- **Input data**:
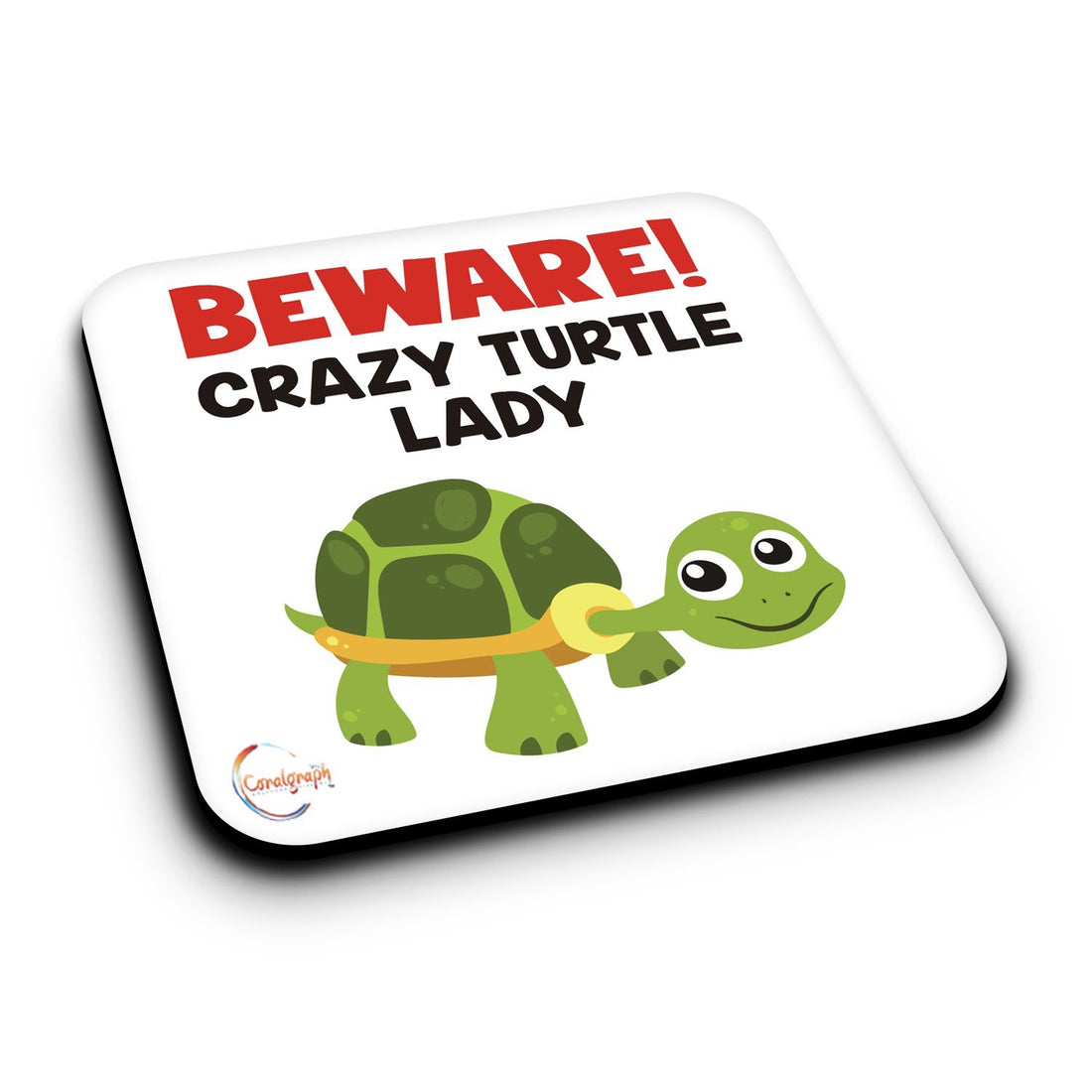 ER406 Beware! Crazy Turtle Lady Novelty Present Gift Printed MDF Wooden Coaster
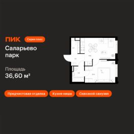 Продаётся 1-комн. квартира площадью 36,6 кв.м на 15 этаже 24 этажного дома (Корпус 82.4, Секция 4) проекта ПИК Саларьево парк. Светлый просторный подъезд на уровне земли, функциональная планировка, большие окна, предчистовая отделка.
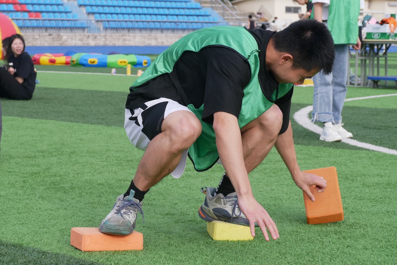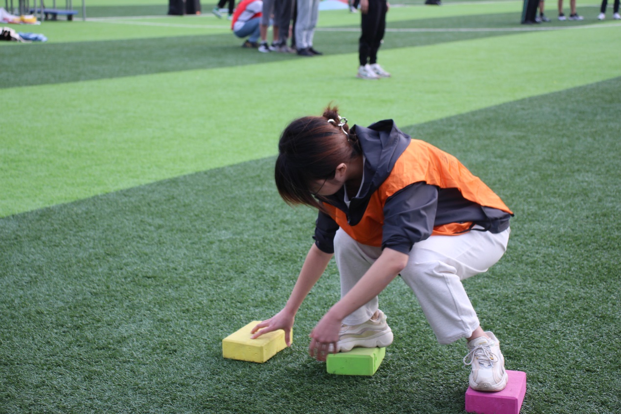 在“前赴后继 摸石过河”项目中,各个代表队参赛队员立于起跑线后的第1、2块河石上,手拿第3块河石。在听到哨声之时,队员们依次将河石踩在脚下交替向前行进。各参赛队员们竭力都在协调自己身体平衡,以最快的速度奔向终点,和接力的队友击掌。四肢的酸痛早已被合作的喜悦替代,奔向终点的他们是最值得敬佩的人!

- **Work item**:
Leave the pictures out and copy the rest of the data exactly.

- **Answer space**:
 ER406 Beware! Crazy Turtle Lady Novelty Present Gift Printed MDF Wooden Coaster
 Продаётся 1-комн. квартира площадью 36,6 кв.м на 15 этаже 24 этажного дома (Корпус 82.4, Секция 4) проекта ПИК Саларьево парк. Светлый просторный подъезд на уровне земли, функциональная планировка, большие окна, предчистовая отделка.
 在“前赴后继 摸石过河”项目中,各个代表队参赛队员立于起跑线后的第1、2块河石上,手拿第3块河石。在听到哨声之时,队员们依次将河石踩在脚下交替向前行进。各参赛队员们竭力都在协调自己身体平衡,以最快的速度奔向终点,和接力的队友击掌。四肢的酸痛早已被合作的喜悦替代,奔向终点的他们是最值得敬佩的人!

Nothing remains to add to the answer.